Why a PowerShell workflow is much slower than a non-workflow script to parse XML files

I am writing a PowerShell program to analyze the contents of 1900+ large XML configuration files (50,000+ lines, 1.5 MB). Just for the test, I transfer 36 test files to my computer (Win 10, PS 5.1, 32 GB of RAM) and quickly write a script to check the speed of execution.

$TestDir = "E:\Powershell\Test" $TestXMLs = Get-ChildItem $TestDir -Recurse -Include *.xml foreach ($TestXML in $TestXMLs) { [xml]$XML = Get-Content $TestXML (($XML.root.servers.server).Where{$_.name -eq "Server1"}).serverid } 

This is completed within 36-40 seconds. I conducted several tests using the measurement command.

Then I tried workflow with foreach -paralell, assuming that loading multiple files in parallel would give me a faster process.

 Workflow Test-WF { $TestDir = "E:\Powershell\Test" $TestXMLs = Get-ChildItem $TestDir -Recurse -Include *.xml foreach -parallel -throttle 10 ($TestXML in $TestXMLs) { [xml]$XML = Get-Content $TestXML (($TestXML.root.servers.server).Where{$_.name -eq "Sevrver1"}).serverid } } Test-WF #execute workflow 

Script with a working volume of 118 to 132 seconds.

Now I'm just wondering what could be causing the workflow to be much slower?
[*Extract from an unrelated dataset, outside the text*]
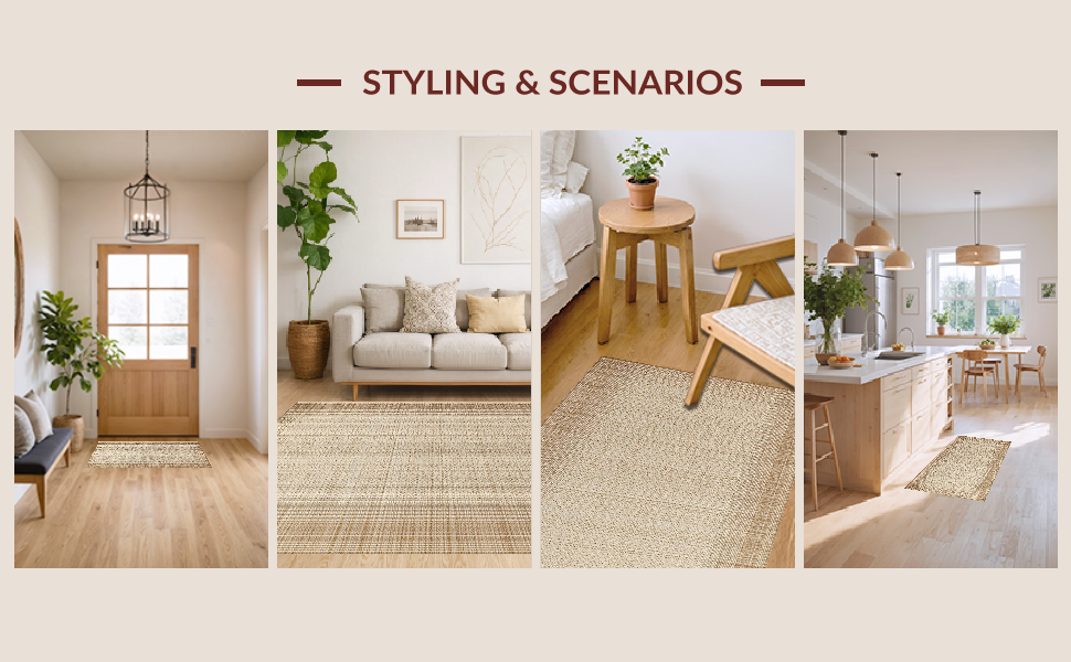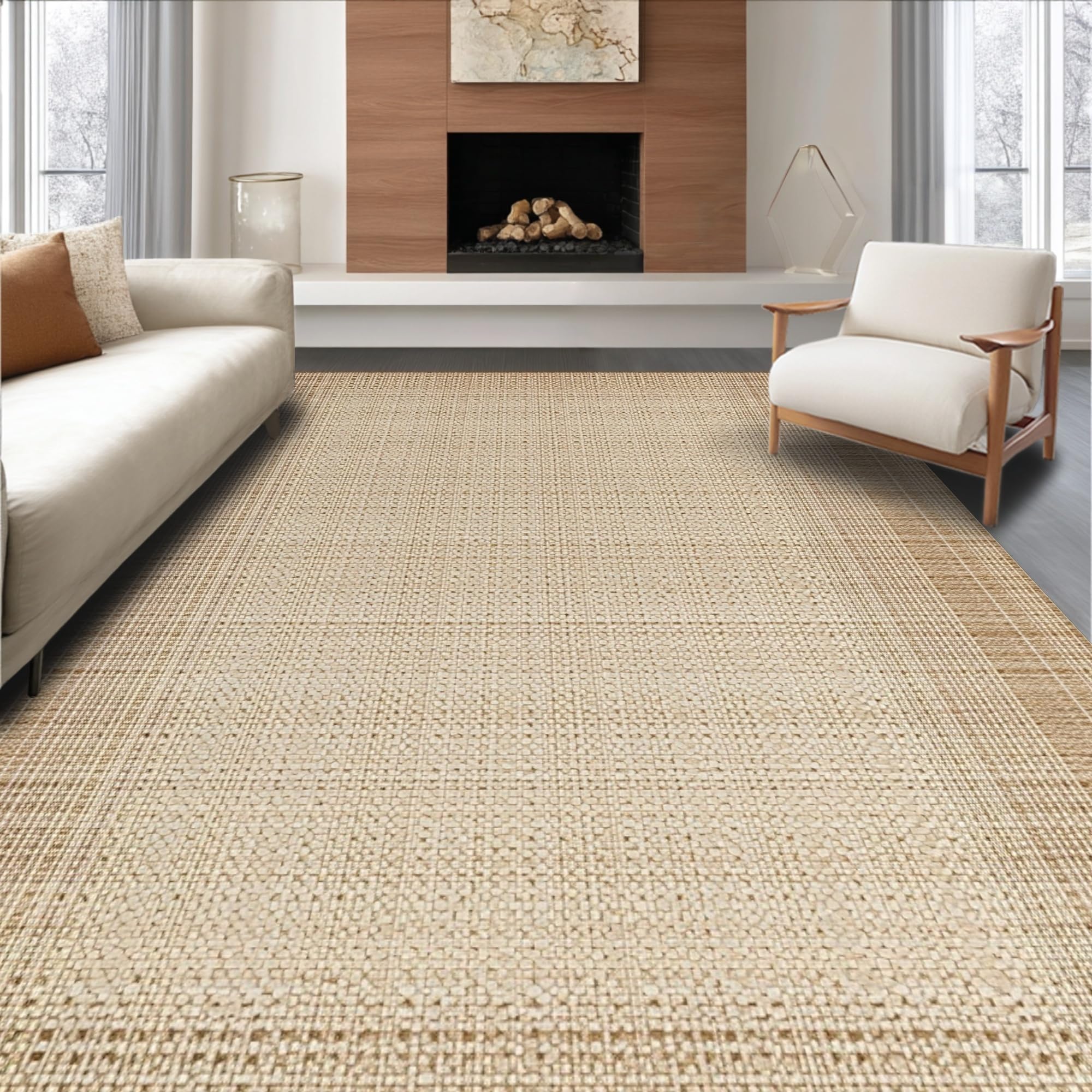 Ultra Soft Area Rug, Non Slip, Stain Resistant, Washable Area Rugs for Living Room, Bedroom, Chic Rustic Tassel Accent Piece(Beige) Overview:

Can recompilation in XMAL be a slower algorithm for loading XML files into WWF?

+5
source share
1 answer

foreach -parallel is by far the slowest parallelization option you have with PowerShell, since Workflows are not designed for speed, but for long-running operations that can be safely interrupted and resumed.

Implementing these security mechanisms leads to some overhead, so your script runs slower when working as a workflow.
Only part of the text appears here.